TASK DIRECTIONS
Skip every picture while you write out the records below, from the first line through the one that contains "The training of", both ends kept.

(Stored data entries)

►

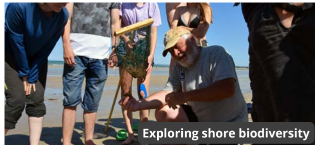
Exploring shore biodiversity
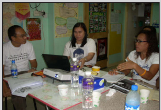
The training of migrants educators on GFMD was done in cooperation with the Asian Pacific Forum on Women, Law and Development (APWLD) and the Mission for Migrant Workers (HK) Society

radio program that is aired on Sundays. It will also send their official representative to the IAMR, an activity that will challenge the GFMD as well as expose the so-called model labor export policy of the Philippine government that is hosting the 2 nd GFMD at the PICC, Manila.
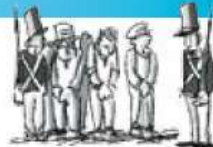
last prisoners 1868
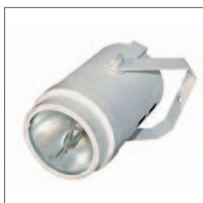
Reflector HQI 80W EUR 35.00 Cod 019.010.200.030
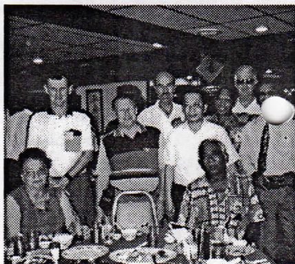
After lunch in Seremban
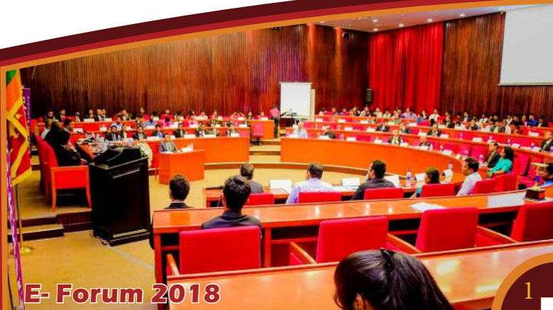
E- Forum 2018
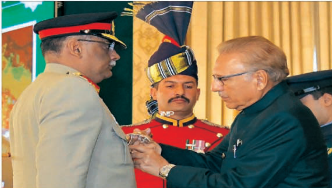
ISLAMABAD: President Dr. Arif Alvi conferring the award of Nishan-i-Imtiaz (Military) upon the Chairman Joint Chiefs of Staff Committee (CJCS), General Sahir Shamsah Mirza at a special investiture ceremony held at Aiwan-e-Sadr.
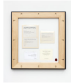
TSCOTO_06 2021 Wood, coroplast, acrylic, labels, screws 18 x 16 x 1.25 inches

◄

RESPONSE TO THE TASK
Exploring shore biodiversity
The training of migrants educators on GFMD was done in cooperation with the Asian Pacific Forum on Women, Law and Development (APWLD) and the Mission for Migrant Workers (HK) Society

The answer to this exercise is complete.